Lo stallo sui ministri, le pretese di Salvini e Berlusconi. Meloni preoccupata: «Avete idea di quello che stiamo per affrontare?»
Il tempo a disposizione per chiudere la quadra sul prossimo governo è sempre più risicato, mentre aumentano i No che Giorgia Meloni è stata costretta a incassare finora con gli alleati che di certo non le semplificano il lavoro. Dal vertice di Arcore di ieri 8 ottobre con Matteo Salvini e il padrone di casa Silvio Berlusconi, è proprio il fattore tempo l’unico punto fermo emerso a fronte di un sostanziale stallo sulla scelta dei nomi dei ministri quando all’inizio della legislatura mancano appena quattro giorni. L’urgenza più pressante è innanzitutto la scelta delle presidenze di Camera e Senato, su cui si dovrà cominciare a votare da giovedì 13 ottobre. E la prospettiva al momento, come ricorda il retroscena de la Repubblica di Tommaso Ciriaco, è di arrivare in aula senza un accordo sui nomi. «Facciamo in fretta – avrebbe detto Meloni – Avete idea di quello che stiamo per affrontare?». A preoccupare la leader FdI sono le troppe rinunce incassate finora e le condizioni inconciliabili proposte da Forza Italia e Lega, mentre l’emergenza energetica incombe con l’inverno alle porte.

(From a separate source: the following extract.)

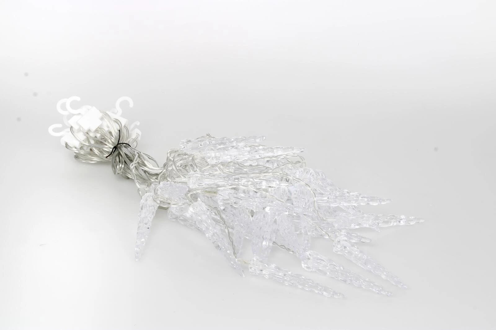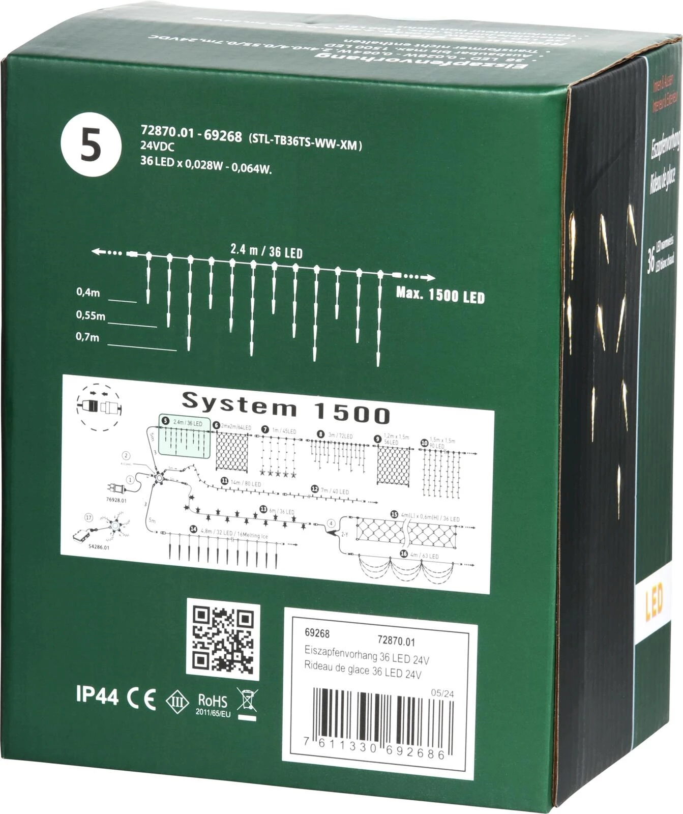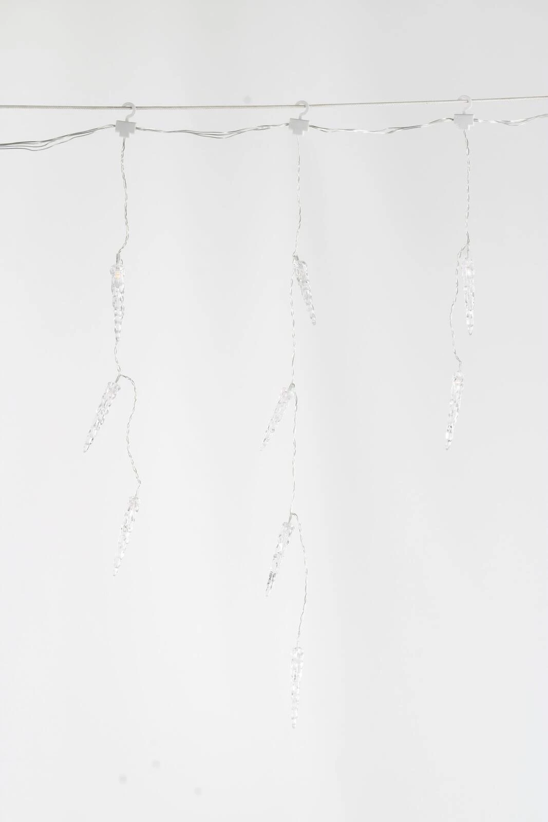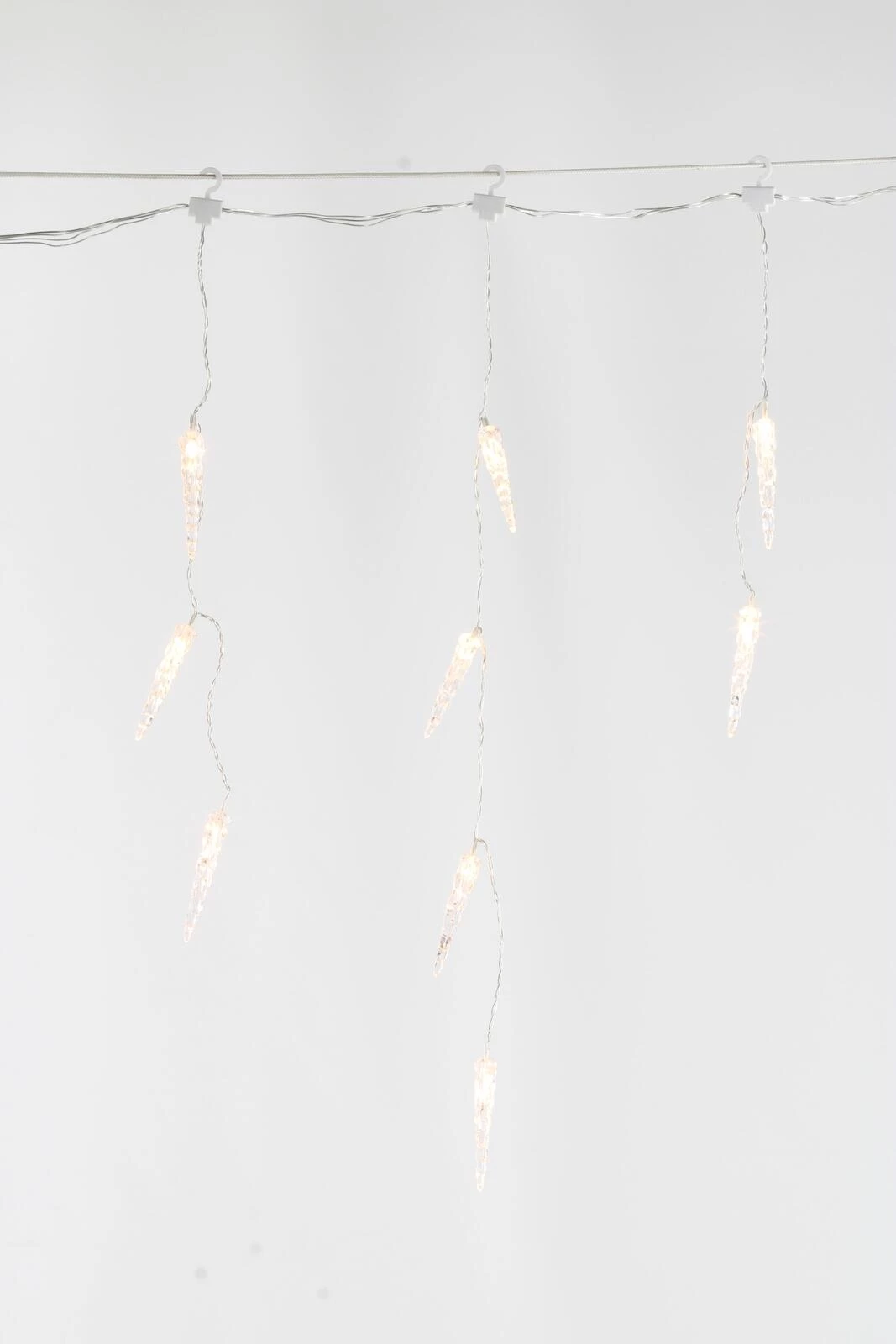 Mit 36 warmweissen LEDs in Eiszapfen-Optik und transparentem Kabel für den Innen- und Aussenbereich. Leistung: 3,6 W. Länge: 2,4 m. Inkl. Stecker und Buchse. Exkl. E-Transformer.

Nel salotto di Arcore, Meloni avrebbe ribadito di volere Ignazio La Russa come presidente di palazzo Madama, dove i numeri della maggioranza sono più stretti e l’instabilità dell’aula è cronicamente un problema. Secondo Il Messaggero, lo schema immaginato dalla leader di FdI prevede che la presidenza della Camera vada a un leghista, probabilmente Riccardo Molinari, ma quasi certamente non Giancarlo Giorgetti. Quello schema però non sarebbe piaciuto a Salvini, che anche per il Senato rivendica spazio, magari per alzare un po’ il prezzo sulla trattativa dei ministeri. Salvini spinge per Roberto Calderoli, ma l’accordo pare ancora lontano. Un nuovo tentativo sarà fatto lunedì 10 ottobre, con un nuovo vertice a Roma.
Il nodo «Economia»
Altra situazione di stallo sarebbe ancora sui ministeri, in particolare per i dicasteri chiave che Meloni vorrebbe affidare a tecnici di comprovata autorevolezza e competenza. Pesa ancora il No del banchiere della Bce Fabio Panetta per il ministero dell’Economia, al quale neanche il Quirinale è riuscito a far cambiare idea, come scrive la Repubblica. Restano sul tavolo i nomi di Domenico Siniscalco e Vittorio Grilli. Pare certo comunque che per quel ruolo ci dovrà andare un tecnico, così come per il ministero degli Esteri.
I No agli alleati
Sempre sul fronte dei No, c’è quello ripetuto da Meloni a Salvini sul Viminale. Anche in quella casella la leader di FdI pensa a un tecnico, con il nome del prefetto di Roma Matteo Piantedosi, già capo di gabinetto del segretario leghista quando ha guidato l’Interno. Per Salvini i margini di manovra sono sempre più stretti: per sé potrebbe restare la guida di Agricoltura o Riforme. Ma il leader leghista punta anche a un ruolo da vicepremier. Ipotesi bocciata anche in questo caso da Meloni, che non vorrebbe due vice ingombranti. Non va meglio la trattativa con Berlusconi, che ancora ieri ha rilanciato il nome di Licia Ronzulli per un ministero tra Salute o Infrastrutture. Per il Cav sarebbe una condizione «irremovibile», ma Meloni non sembra disposta a cedere se non per un posto di seconda fascia. Da Forza Italia arriva anche la proposta per il ministero della Giustizia, dove Berlusconi vedrebbe bene l’ex presidente del Senato, Elisabetta Casellati oppure, come riporta il Fatto quotidiano, Francesco Paolo Sisto. Su quel posto però ci sarebbero anche le aspirazioni leghiste, che da tempo avrebbero in mente il nome di Giulia Bongiorno. Ancora uno stallo, così come per il ministero della Difesa, su cui ci sono le ambizioni di Antonio Tajani per Forza Italia e Guido Crosetto per FdI.